Travel Log 7: “Global Responsibility” Part 1. By Ryan Bonitz. Barcelona, Spain.

It’s crazy to think that less than a few decades ago the people of Rwanda experienced one of the worst genocides in history. In 1994, nearly 800,000 people were killed over the course of about 100 days. The Hutus were the majority of the population at the time, making up nearly 85% of the population (BBC). They targeted the Tutsi population, who had ruled the African country.

One of the most controversial topics of the time was the participation of the UN during the genocide. They were not given a mandate to stop the killing. In addition, the United States and other countries did not want to get involved with another African conflict, considering the US had just conflict with Somalia. The French were allies of the Hutu government, and said they would set up a safe zone. However, they were accused of not doing nearly enough to stop the slaughter that was occurring right before their eyes. Lists of names were handed out to the Hutu armies, who viciously killed the Tutsi people listed as well as their families.
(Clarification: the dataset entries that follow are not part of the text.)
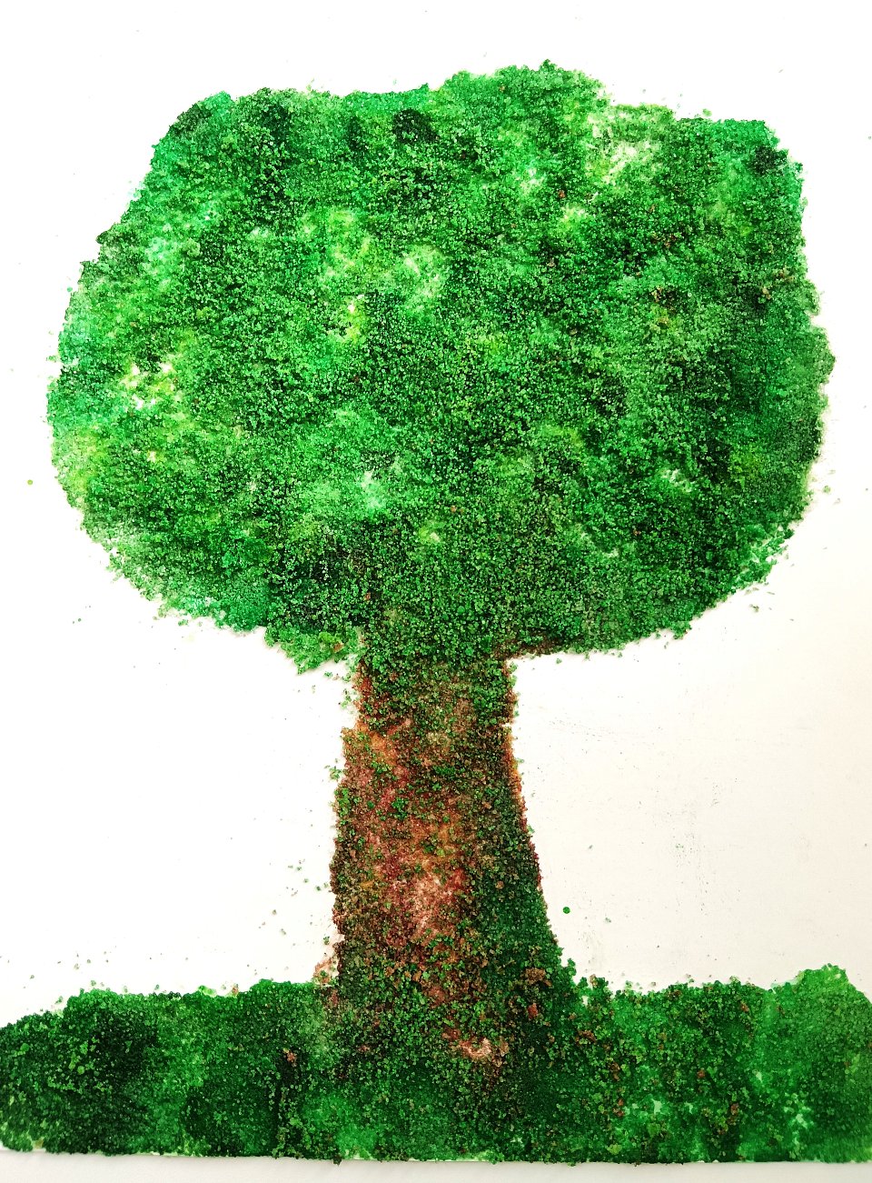 дети 3 -х лет, техника - рисование солью; материалы: акварель, клей ПВА, соль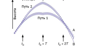 Успех эксперимента обеспечила огромная частота волны де Бройля, примерно равная 3•1025 Гц. За 0,3 с свободного падения волны материи на верхней и нижней траекториях накапливают разность "ощущаемого" ими времени всего в 2•10-20 секунды, но их колоссальная частота и высокое качество интерферометра позволили достичь точности измерений в 7•10-9.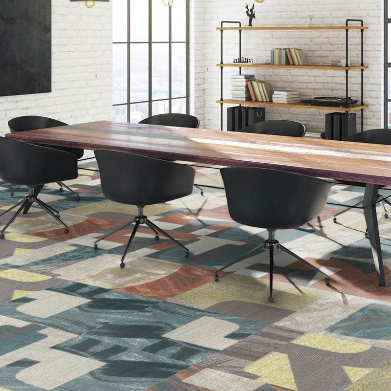 Milliken Northern Soul Night Flyer – because your office floors deserve a bit of mystery, just like your 2 a.m. thoughts. 🌙 These Milliken carpet tiles combine sleek, dark tones with bold pops of colour, creating a professional yet energizing vibe. They say ‘I’m here to work, but I’m also keeping things interesting.’ 😅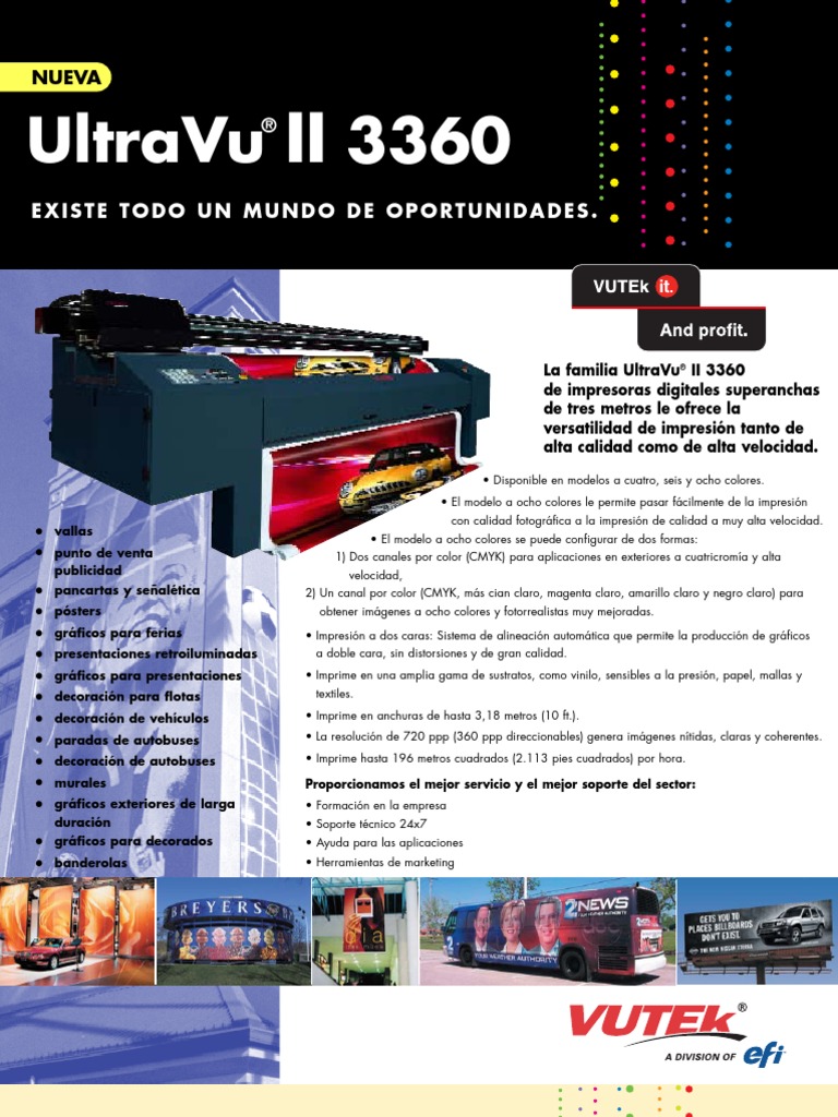 • gráficos para presentaciones • Imprime en una amplia gama de sustratos, como vinilo, sensibles a la presión, papel, mallas y

The cartoon I chose to use shows a Hyena devouring a man who represents Rwanda. In the background an armed guard who represents some major world power (possibly the UN or France), sleeps peacefully. Although he has the means to save the Rwandan man, he turns a blind eye and rests instead. This picture depicts a clear violation of human rights. For example, Article 3 of the Bill of Human Rights says “Everyone has the right to life, liberty and security of person” ( Clearly the UN and other governments such as the French should be interceding, however they decide to put their own interests before those of others. Article 5 states “No one shall be subjected to torture or to cruel, inhuman or degrading treatment or punishment.” It is obvious that the Tutsi people are being treated inhumanely, yet the world does not seem to care.

This can all be related to the modern day world with Syria. Each country says it is the responsibility of another to help, and as a result the Syrians are not getting the aide that they require. One day we will look back and say “never again.” Let’s hope that we can one day realize that these nightmares can be stopped before they progress, so that events such as these will never happen again.